Film review: Defenders must 'do their job' against Ravens-esque Seattle offense

After spending more time than any of us would like to admit discussing balls, it's time to move on to Seattle and the incredible football game Sunday figures to provide. To familiarize myself with the Seahawks, I went back and watched the film of three Hawks games: their dramatic NFC championship game win over the Packers, their Week 3 overtime triumph over Denver and the Patriots upset loss to the (at the time) upstart Seahawks in 2012. I'll be posting my takeaways from the film throughout the week, starting today with a Seattle offense that has more in common with Baltimore than you might think.

Stop the Beast

Make no mistake, the Seattle offense is built around it's bulldozer of a franchise back. The Hawks ran 525 times in the regular season, more than anyone but Houston, and their 454 passing attempts ranked dead last in the league. Seattle was one of only five teams to run more than they threw in 2014, and only the quarterback-less Browns ran on a higher percentage of offensive snaps than Seattle's 53.62%.

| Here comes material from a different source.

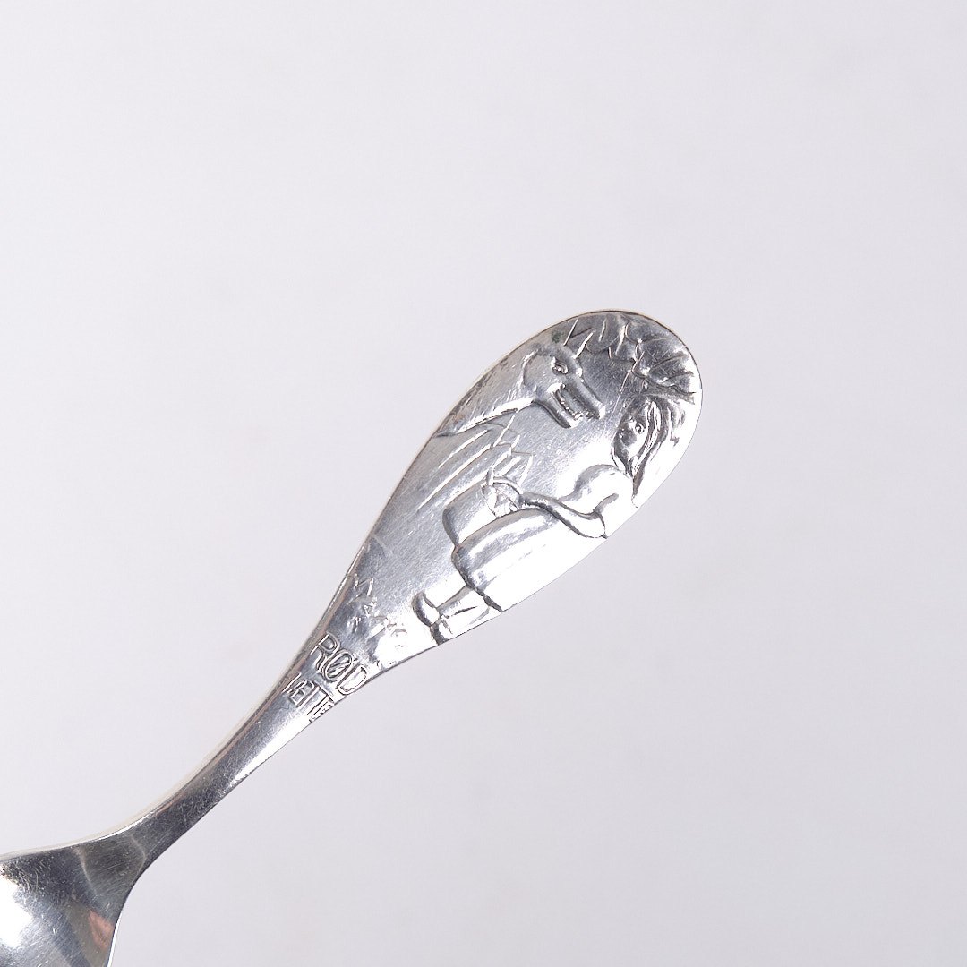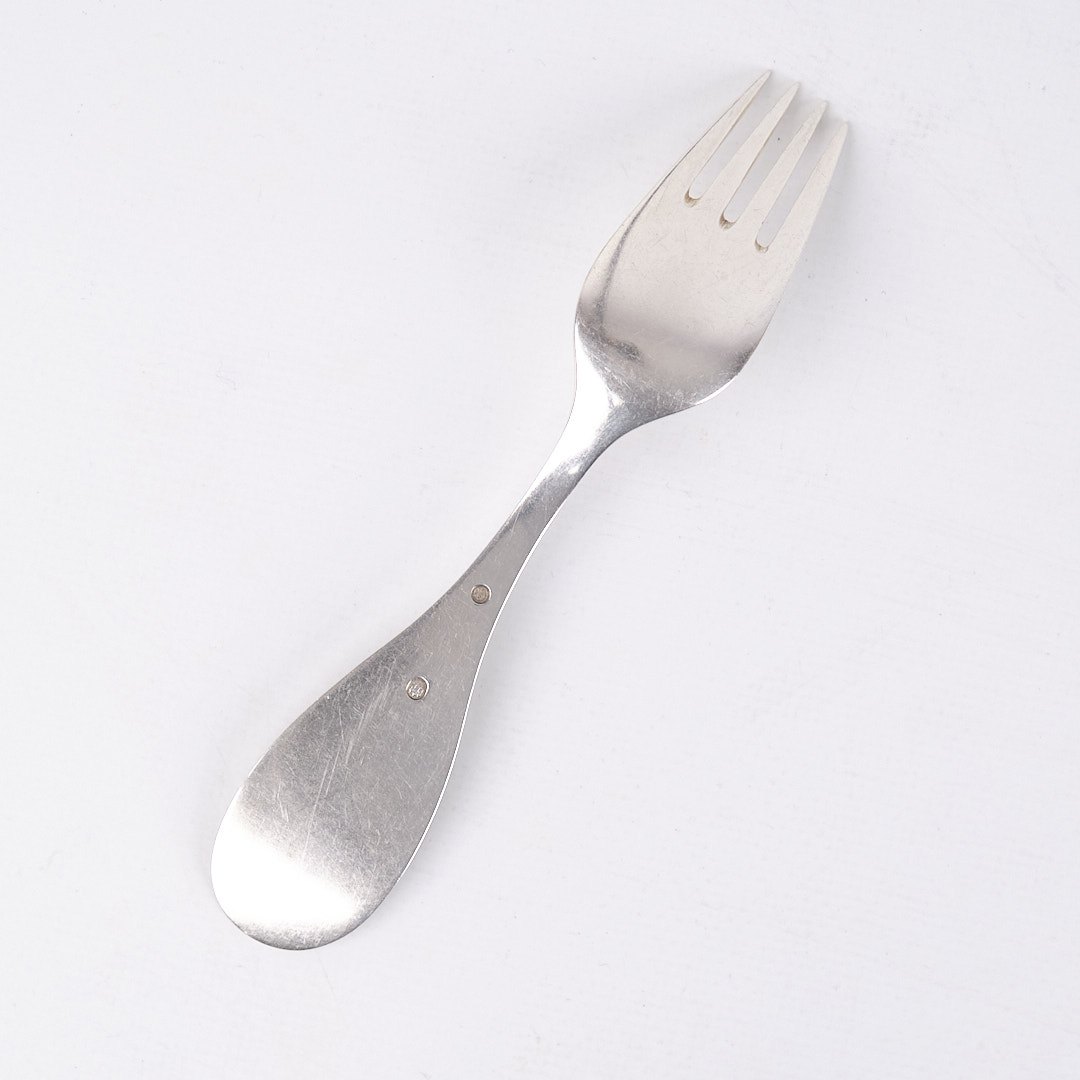 Children's fork in three-towered silver with motif of “Little Red Riding Hood”. Hallmarked. Classic Danish silver design.
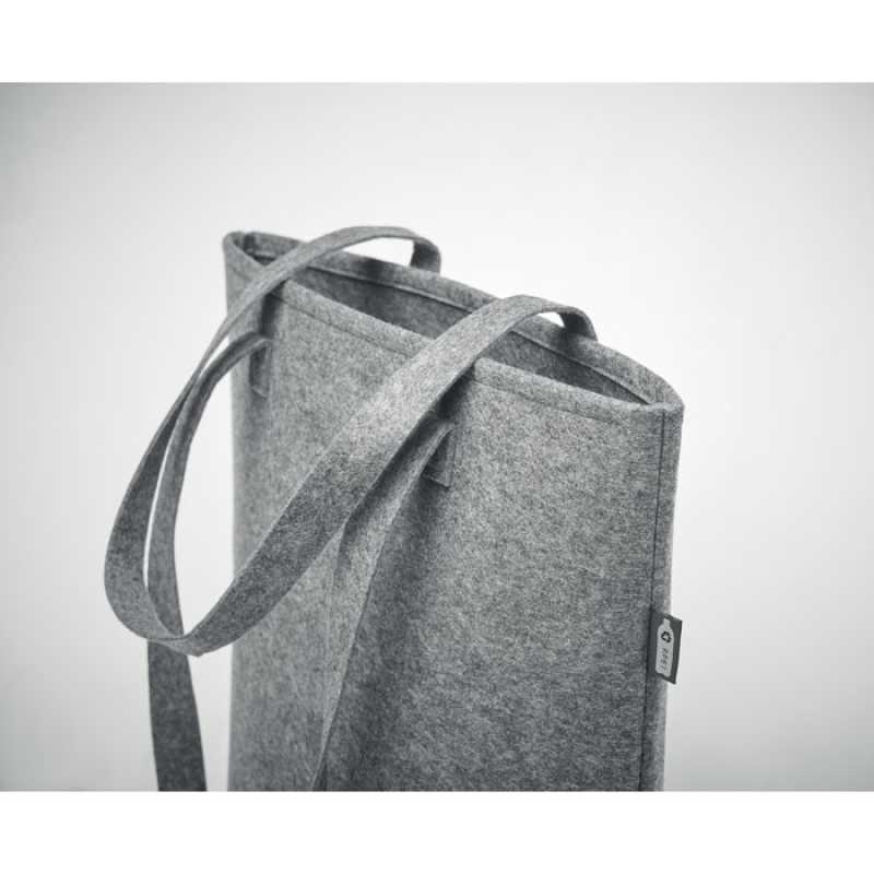 Plstěná nákupní taška z RPETu s dlouhými držadly a složeným dnem. Tloušťka plsti: 2 mm.

Of course, building around the running game is an easy decision when you have a skittles-fueled, crotch-grabbing, tackle-breaking beast in the backfield. All Marshawn Lynch did this year was average 4.7 yards per carry while leading the league in yards after contact (3 ypc) and missed tackles forced (88, 21 more than second-place finisher DeMarco Murray). Lynch's hard-nosed running style makes him a bull on the goal line, as evidenced by his 13 rushing touchdowns, but he also has enough explosive quickness and footwork to make smaller players miss in the open field.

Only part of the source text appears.